Sobreviela, Manuel
SOBREVIELA, MANUEL
Missionary, explorer, author, and the mapper of the Amazon Basin; b. Epila, Aragon, Spain, date unknown;d. San Francisco de Lima, 1803. He arrived in Peru in 1785 and for eight years was an active and prudent superior at the Colegio de Propaganda Fide of Ocopa, building up its library with several thousand volumes. With the help of excellent collaborators, he concentrated his work on the missions in the Peruvian Amazon up to the Chanchamayo and Pachitea Rivers, achieving his greatest success in the Apurimac, Huallaga, and Ucayali River regions. He founded and organized towns, built roads, and established schools, granges, and shops, thus promoting the river and land trade between civilized regions and the jungle missions. All this formed a base for more solid and lasting evangelical work. With the same purpose in mind, Sobreviela published numerous reports and accounts of the earlier and contemporary Franciscan work in the Peruvian jungle with descriptions of territories, rivers, tribes, and land and river passages, together with a minute analysis of the causes for the flourishing or decay of the missionary centers in which more than 50 missionaries had already perished at the hands of the natives.

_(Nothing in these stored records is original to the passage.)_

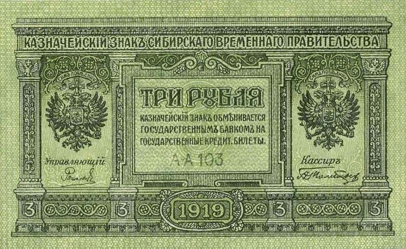 | Keywords: 3 rub Kolchak.jpg п авительством Колчака аве с И кутский областной к аеведческий музей Российское п авительство 1919 PD-Old-70 currency Banknotes of Siberian Provisional Government Green banknotes Banknotes with a face value of 3 Banknotes of Russia 1919 |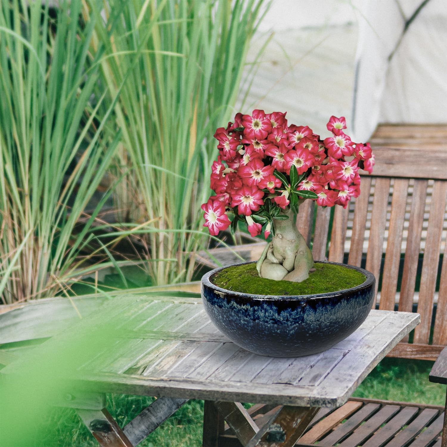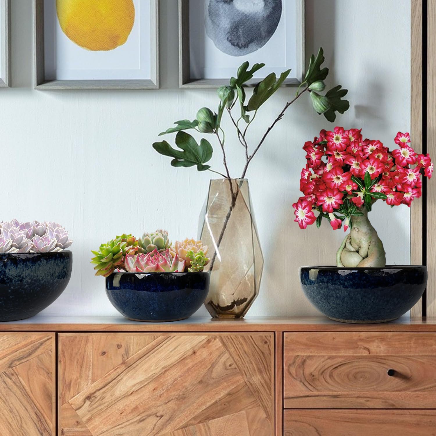 11 9 7 Inch Succulent Pot with Drainage and Mesh Pads Large Round Ceramic Plant Pot for Indoor Outdoor Plants Succulent Planter Cactus Bonsai Pot Container Set of 3 (Blue)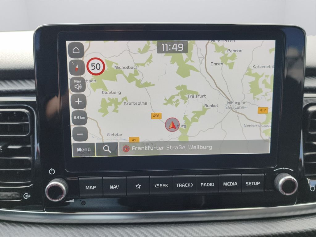 Audio-Navigationssystem KIA (8 Zoll); Freisprecheinrichtung (Bluetooth) mit Sprachsteuerung; USB und Aux-In-Anschluss; USB-Anschluss Mittelkonsole; Audiosystem: Radio mit RDS / MP3; Bluetooth; DAB-Tuner (Radioempfang digital); Touchscreen-Farbdisplay (8,0 Zoll); Smartphone Schnittstelle (Apple CarPlay & Android Auto); Anzeigeinstrumente Supervision mit LCD Display 4,2 Zoll; Mobile Online Dienste UVO Connect / Kia Connect; 6 Lautsprecher
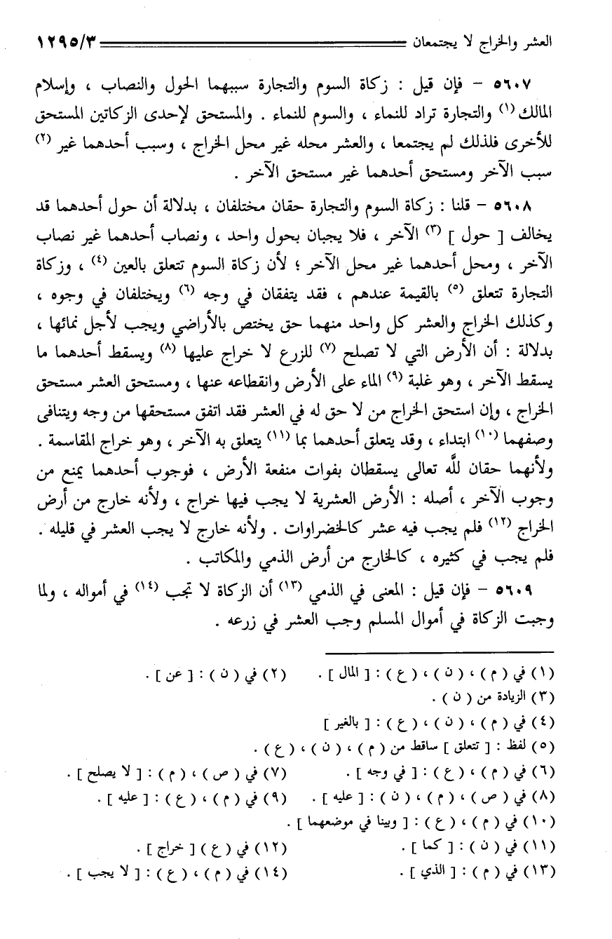 5607 - فإن قيل: زكاة السوم والتجارة سببهما الحول والنصاب، وإسلام المالك والتجارة تراد للنماء، والسوم للنماء. والمستحق لإحدى الزكاتين المستحق للأخرى فلذلك لم يجتمعا، والعشر محله غير محل الخراج، وسبب أحدهما غير سبب الآخر ومستحق أحدهما غير مستحق الآخر.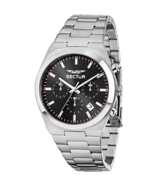 Cassa e cinturino in acciaio, quadrante nero, vetro minerale, datario  e cronografo.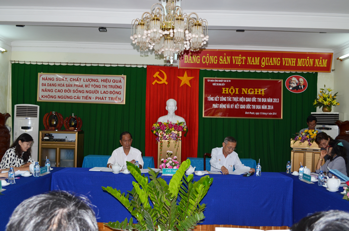 Ngày 15/4/2014 tại Công ty TNHH MTV Cao su Lộc Ninh tổ chức Hội nghị Tổng kết công tác thực hiện giao ước thi đua năm 2013 – Phát động và ký kết giao ước thi đua năm 2014.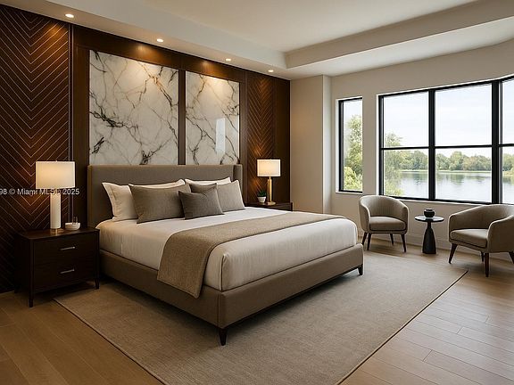 Elegant contemporary flooringBeautifully appointed outdoor kitchenHigh-end finishesPrivate saunaOverlooking the tranquil lakeMakeup mini-fridgeStunning designer vanities

As an assiduous correspondent of the Mercurio peruano of Lima, he published in that periodical the synthesis of these studies, some of them translated later into English and French. The most valuable of his various maps, Plan del curso de los ríos Huallaga y Ucayali y de la Pampa del Sacramento (Mercurio peruano, 1791) has had repeated editions, with successive improvements made by Ocopa missionaries and various scientists.
Bibliography: m. de mendiburu, Diccionario históricobiográfico del Peru, 11 v. (Lima 1931–34) 10:224–228. b. izaguirre ispizua, Historia de las misiones franciscanas … , 14 v. (Lima 1922–29).